Why This Message Matters
The message is a hinge point in the investigation. Before it, the assistant was working with Rust-level abstractions and timing data, forming hypotheses about mutex contention and CPU overhead. After it, the assistant can trace through the actual CUDA kernel launches, memory transfers, and synchronization primitives.
The grep results reveal something important about the codebase architecture: the C++ implementation lives in a .cu file (CUDA C++), not a standard .cpp or .cc file. This explains why the earlier glob search failed—it likely didn't include .cu extensions, or the search path was restricted. The .cu file extension is used by NVIDIA's CUDA compiler and may not be indexed by all search tools by default.
The five matches also reveal the relationship between the Rust FFI layer and the C++ implementation. The Rust side in lib.rs declares the FFI function at line 213 and calls it at line 303. The CUDA side defines the actual implementation at line 369, with a synchronous wrapper at line 397 that calls the core function at line 389. This is a classic FFI pattern: a single core implementation exposed with both an asynchronous interface (returning a pending handle) and a synchronous convenience wrapper.
Assumptions and Knowledge
The assistant made several assumptions during this search. First, that the C++ implementation existed somewhere in the repository—a reasonable assumption given that the FFI binding compiled and linked successfully. Second, that the function name would be consistent across the Rust FFI declaration and the C++ definition—which proved correct. Third, that a grep would find it—which took multiple attempts with different search contexts.
The input knowledge required to understand this message includes: familiarity with Rust FFI patterns where C++ functions are declared extern "C" and called through Rust bindings; understanding of the Phase 12 split API design where prove_start returns a pending handle and prove_finish completes it; and knowledge of the proving pipeline architecture with its GPU workers, synthesis threads, and partition scheduling.
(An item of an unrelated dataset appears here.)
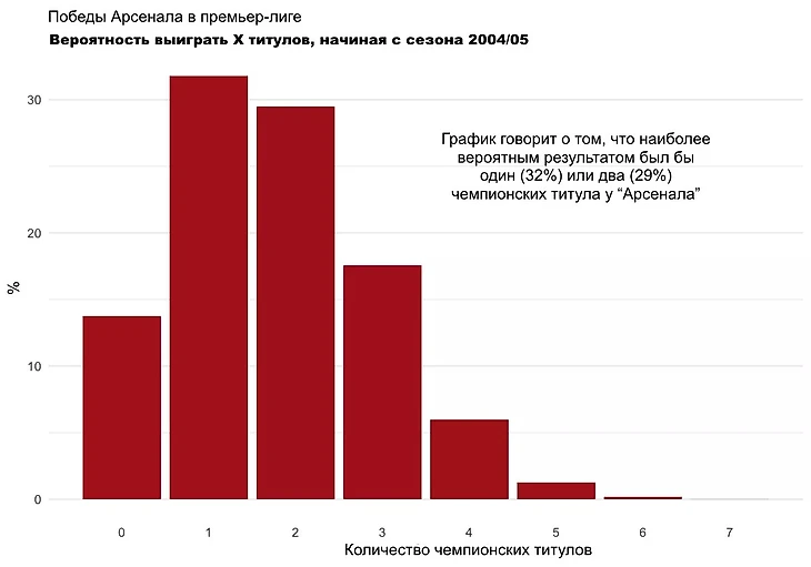 По методу описанному выше, вероятность того, что "Арсенал" выиграет 0 титулов в чемпионатах с 2004/05 по 2015/16 (включительно), оценивается в 14%. С таким грубым подходу к моделированию, возможно, не очень разумно ожидать каких-то чрезвычайно точных чисел. Тем не менее, это наводит на мысль о том, что "Арсеналу" несколько не везло в последних 12 сезонах.

The output knowledge created by this message is the precise location of the C++ implementation and the structure of its call sites. This enables the assistant to read the CUDA source, add timing instrumentation around specific phases (mutex acquisition, barrier waits, NTT setup, MSM computation), and ultimately identify the H2D transfer as the root cause of GPU underutilization.
The Thinking Process
The reasoning visible in the surrounding messages shows a systematic narrowing of scope. The assistant started with high-level hypotheses (mutex contention, CPU overhead), then progressively drilled down through the call stack: from gpu_prove_start in pipeline.rs, to prove_start in bellperson's supraseal module, to start_groth16_proof in the FFI binding, and finally to generate_groth16_proofs_start_c in the CUDA source. Each step required finding the next layer of implementation, and each search failure prompted a refined search strategy.
The inconsistency between [msg 3019] (which found 2 matches) and [msg 3022] (which found none) suggests that the assistant's search tool may have been operating with different scope parameters—perhaps a directory-level vs. repository-wide search, or a file-type filter that excluded .cu files. The successful search in [msg 3023] likely used a broader scope that included the cuda/ subdirectory.
This message exemplifies a common pattern in debugging complex systems: the critical evidence is often hidden behind a search that initially fails, and persistence in refining the search strategy is what ultimately breaks the case. A single grep command, executed at the right moment with the right scope, transformed the investigation from speculation to targeted analysis.